So with so much to cover, I think I’ll just summarize/generalize. There are a couple of things that stuck out to me reading Schell.
Chapter six confirmed a suspicion of mine about the newness and freshness of games, and their potential. Schell said games can absorb all other media into itself. Which is pretty incredible when you say it aloud. For some reason I wrote very rude side notes when she said experience trumps artistic expression, but it makes perfect sense. And to be clear she’s likely referring to the experience of playing the game, rather than a long career as developer. I liked her points on theme, especially where she stated it’s just whatever the game’s about. She has a very grounded look on games, and seems to state things blankly, as a matter of fact, which is also how I tend to speak and write.
I liked her juggler example in Chapter 7. Basically where the juggler does unique kinds of “juggles,” that really epitomizes the work less, think harder mentality. I appreciated her emphasis on sleep (I could always use some with the neighbors I have), but especially how God speaks through dreams.” Truthfully I’m pretty far away from religion, but what she means here is your subconscious knows what it wants, and it knows what is fun/feels good. Our conscious brain needs to make an effort to connect to it, and bring those sortive primordial ideas (which I call inspiration), into the fold. One example was after a night of fun with a guy, I had a strange dream I was one an island (y’all better not steal this btw), where I saw these incredibly strange deer with these sortive’ messy brown coat and tan stripes, with enormous tall antlers sharpened to a razor point. I called them “Spearheads.” And made up some lore about how they sharpen their antlers on rocks to impale or disembowel predators or unlunkly humans. They live in a fantasy world of my design that is years in the making at this point. I would have loved to make it into a game, but will have to wait until my skills catch up with the genius.
I loved this so much because I see inspiration as superior quality. And you get superior quality with time and patience. Games are media, and media is art. It doesn’t mean you must make an ultra-realistic, uber-serious game about the human condition. I think true art speaks much quieter than that, it reaches deeper, it talks about intrinsic things, things we all understand. It simply comes out from what I imagine to be this sortive’ ancient, sortive’ primordial font of life or brilliance.
More things from chapter 7: Sketching it out definitely helped Professor, and Schell definitely agrees on this (even if you can’t draw), which ai can’t. Talking to yourself is not a sign of being crazy and Schell encourages it, so you can understand your ideas. Speaking of also read her chapters aloud and write notes, which is why it takes me forever to make this dev log.
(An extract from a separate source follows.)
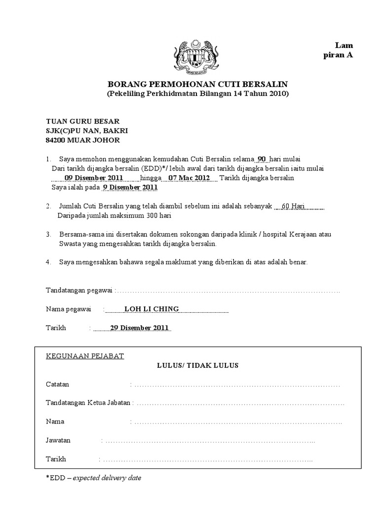 Surat rasmi cuti bersalin surat rasmi u.

Don’t whine about stuff you don’t have, you have work to do was the gist, but also don’t worry about wasting material. She says use what you have, be clever, be resourceful.
Oh an avoid people to try to poke plot holes in your narrative. Those people typically aren’t very helpful. I wrote Tim as a side note for that, who’s my older brother. And he does love to do that.
Chapter 8 was much more painful for me.
She says to not get attached to your ideas, they’re like paper cups -expendable. She also stresses to disassociate from the fear that comes with what she says about ideas which ai thought was funny. Oh and she also says to “forget quality.” Which made my brother laugh when I told him about it. But unlike that conversation I have a chance to explain. Polish can gloss over and indeed mask glaring issues with a game, it’s important to know what the bones are and what’s flesh and muscle. Knowing if your game and indeed its systems are preem throughout.
Another cool piece of advice Schell had was to imagine your game as if only 50% were complete, would it still be playable? Short answer it it better be. She talked about soemthing else called “sprints” and AVID, which seemed a little to corporate for my taste, with the wonderful introduction of these robotic passion checks. But whatever who am I to judge, when the word has existed before me and many a man woman and child have apparently done these all to routine sprints. And and speaking of I don’t see it in my notes about what I remember her saying was something along the lines of “games are never finished, there’re simply abandoned.” There’s y’know, bits of content here and there that were supposed to be more, but in actuality they never were. They’re exactly that, vestigial remnant of abandoned things. You simply reach a deadline and and that’s that.
Chapter 9 is audience and was the super long one if I remember right. Makes since, that’s who’s supposed to buy all my crap so this is probly a good point to drop off for now.